__PROBLEM DESCRIPTION__. The response consists of the lines from the start of the material below through the line holding "શહેરમા ૬૦૦ થી", repeated word for word and without pictures.

__DATASET__.
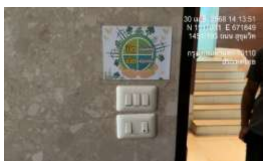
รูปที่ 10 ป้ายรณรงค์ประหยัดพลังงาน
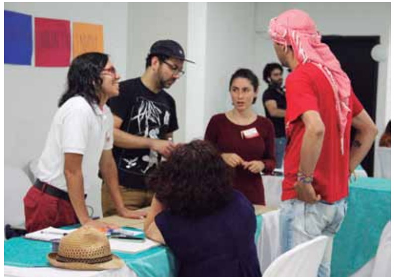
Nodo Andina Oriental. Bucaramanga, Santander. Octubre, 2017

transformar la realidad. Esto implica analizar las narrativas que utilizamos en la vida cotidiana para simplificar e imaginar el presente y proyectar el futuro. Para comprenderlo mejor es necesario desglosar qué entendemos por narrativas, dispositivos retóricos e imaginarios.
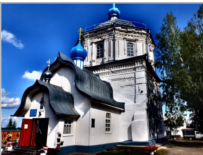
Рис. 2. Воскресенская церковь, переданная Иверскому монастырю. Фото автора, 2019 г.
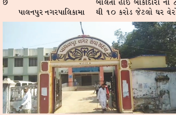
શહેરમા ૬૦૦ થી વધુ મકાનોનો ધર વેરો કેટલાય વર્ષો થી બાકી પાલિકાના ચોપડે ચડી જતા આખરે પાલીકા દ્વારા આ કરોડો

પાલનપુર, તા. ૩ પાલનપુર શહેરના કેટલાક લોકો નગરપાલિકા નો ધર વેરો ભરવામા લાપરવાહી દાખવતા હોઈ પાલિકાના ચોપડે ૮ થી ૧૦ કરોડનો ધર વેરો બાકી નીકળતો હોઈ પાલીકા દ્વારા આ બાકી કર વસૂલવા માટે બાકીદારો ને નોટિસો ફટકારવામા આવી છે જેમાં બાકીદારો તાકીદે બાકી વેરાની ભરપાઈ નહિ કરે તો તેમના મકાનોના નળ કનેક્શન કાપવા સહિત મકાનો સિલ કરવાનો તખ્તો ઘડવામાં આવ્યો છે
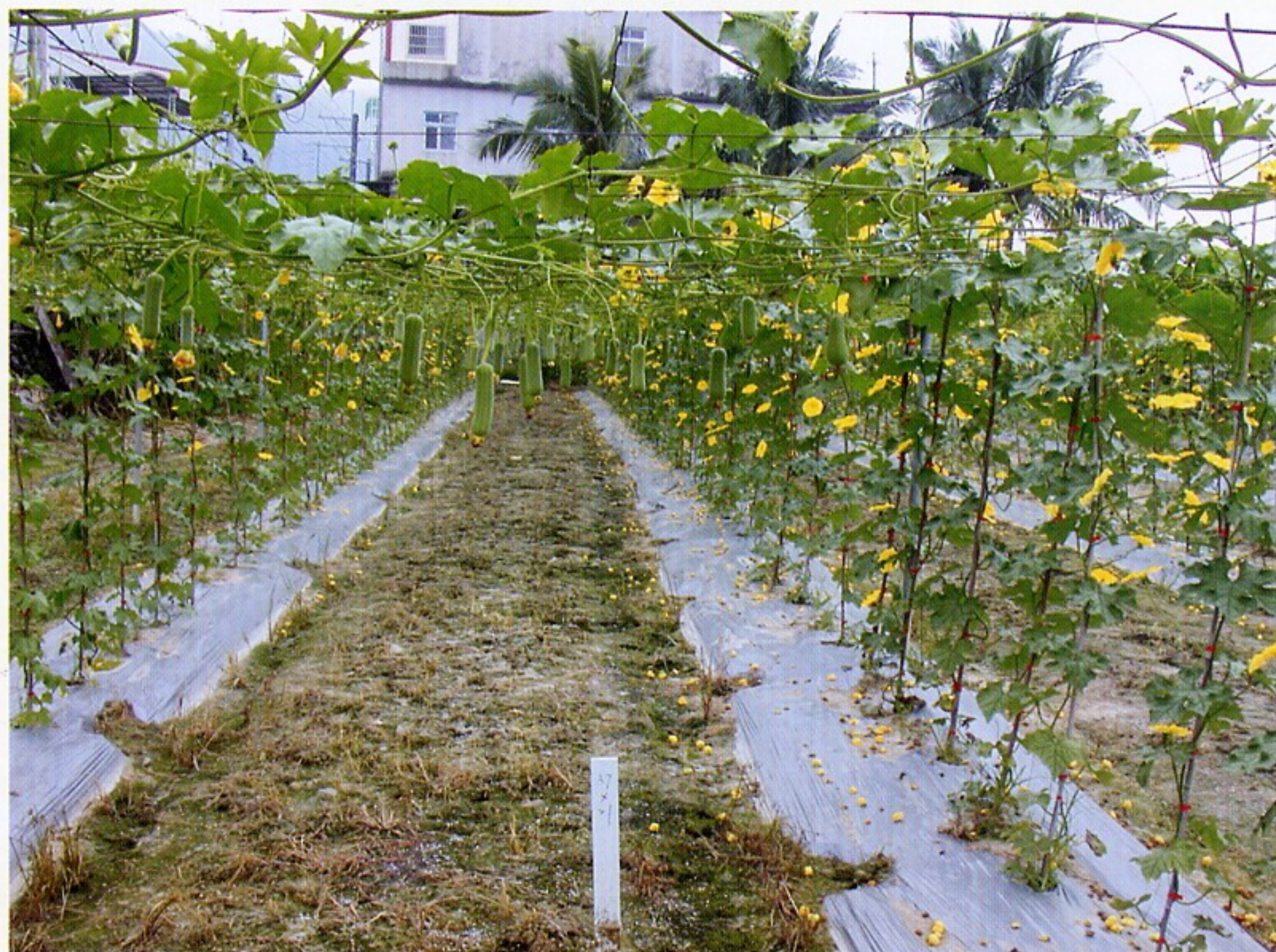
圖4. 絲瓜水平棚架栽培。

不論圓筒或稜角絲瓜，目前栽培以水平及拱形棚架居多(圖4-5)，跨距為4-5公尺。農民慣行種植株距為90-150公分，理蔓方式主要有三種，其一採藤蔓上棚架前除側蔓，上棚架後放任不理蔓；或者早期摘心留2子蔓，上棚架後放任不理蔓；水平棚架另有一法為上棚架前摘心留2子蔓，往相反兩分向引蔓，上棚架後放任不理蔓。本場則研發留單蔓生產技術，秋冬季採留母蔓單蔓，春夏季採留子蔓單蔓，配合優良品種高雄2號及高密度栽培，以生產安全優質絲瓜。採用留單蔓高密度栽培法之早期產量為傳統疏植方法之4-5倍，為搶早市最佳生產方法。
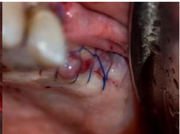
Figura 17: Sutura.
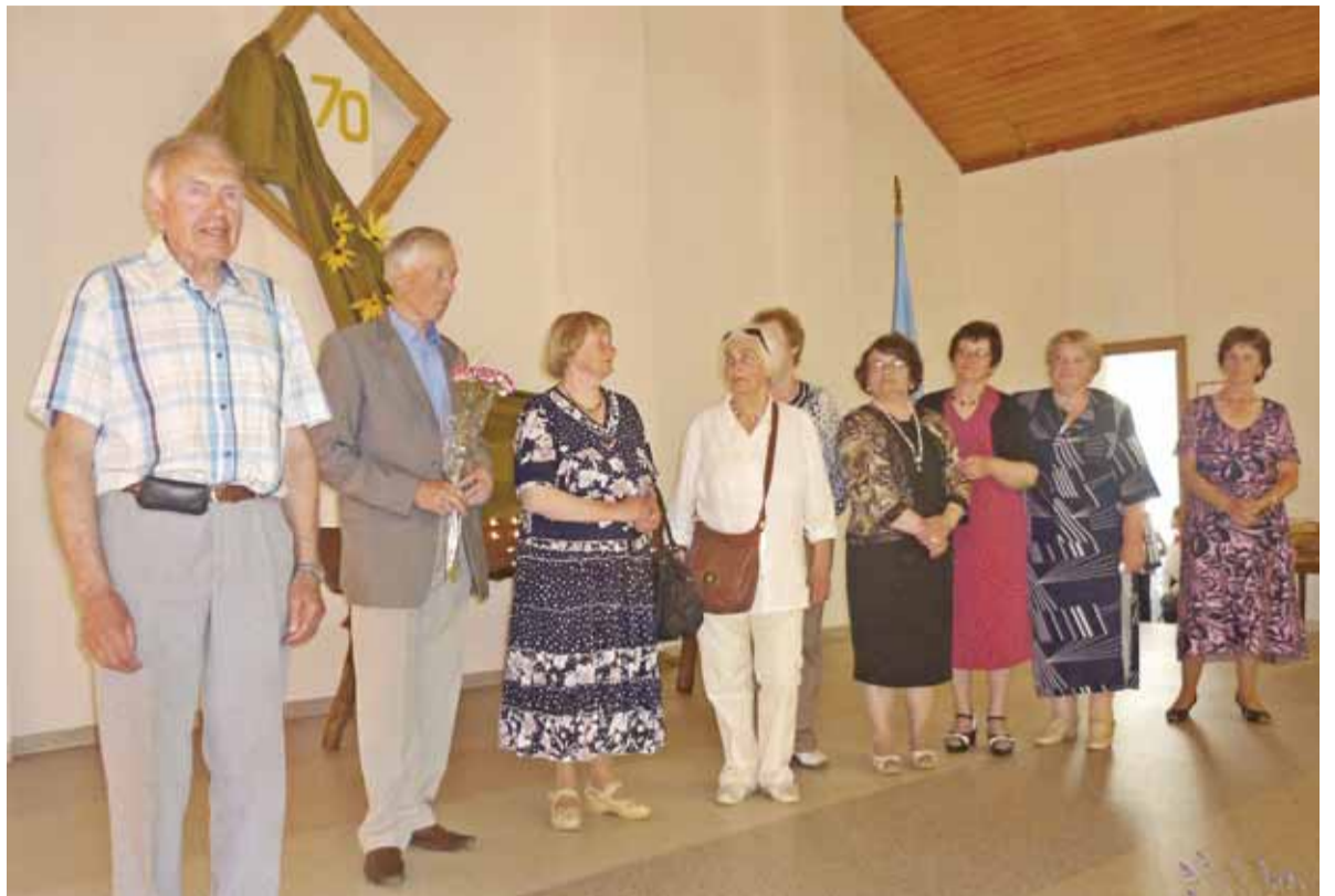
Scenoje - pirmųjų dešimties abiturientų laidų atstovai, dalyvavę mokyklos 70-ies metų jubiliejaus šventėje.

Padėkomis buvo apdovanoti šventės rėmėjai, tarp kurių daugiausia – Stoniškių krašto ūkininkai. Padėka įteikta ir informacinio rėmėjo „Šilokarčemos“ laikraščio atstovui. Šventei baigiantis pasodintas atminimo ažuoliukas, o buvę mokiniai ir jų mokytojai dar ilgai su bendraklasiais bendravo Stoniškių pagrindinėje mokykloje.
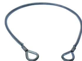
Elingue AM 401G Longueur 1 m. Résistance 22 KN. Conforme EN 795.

__EXERCISE RESULT__.
รูปที่ 10 ป้ายรณรงค์ประหยัดพลังงาน
Nodo Andina Oriental. Bucaramanga, Santander. Octubre, 2017

transformar la realidad. Esto implica analizar las narrativas que utilizamos en la vida cotidiana para simplificar e imaginar el presente y proyectar el futuro. Para comprenderlo mejor es necesario desglosar qué entendemos por narrativas, dispositivos retóricos e imaginarios.
Рис. 2. Воскресенская церковь, переданная Иверскому монастырю. Фото автора, 2019 г.
શહેરમા ૬૦૦ થી વધુ મકાનોનો ધર વેરો કેટલાય વર્ષો થી બાકી પાલિકાના ચોપડે ચડી જતા આખરે પાલીકા દ્વારા આ કરોડો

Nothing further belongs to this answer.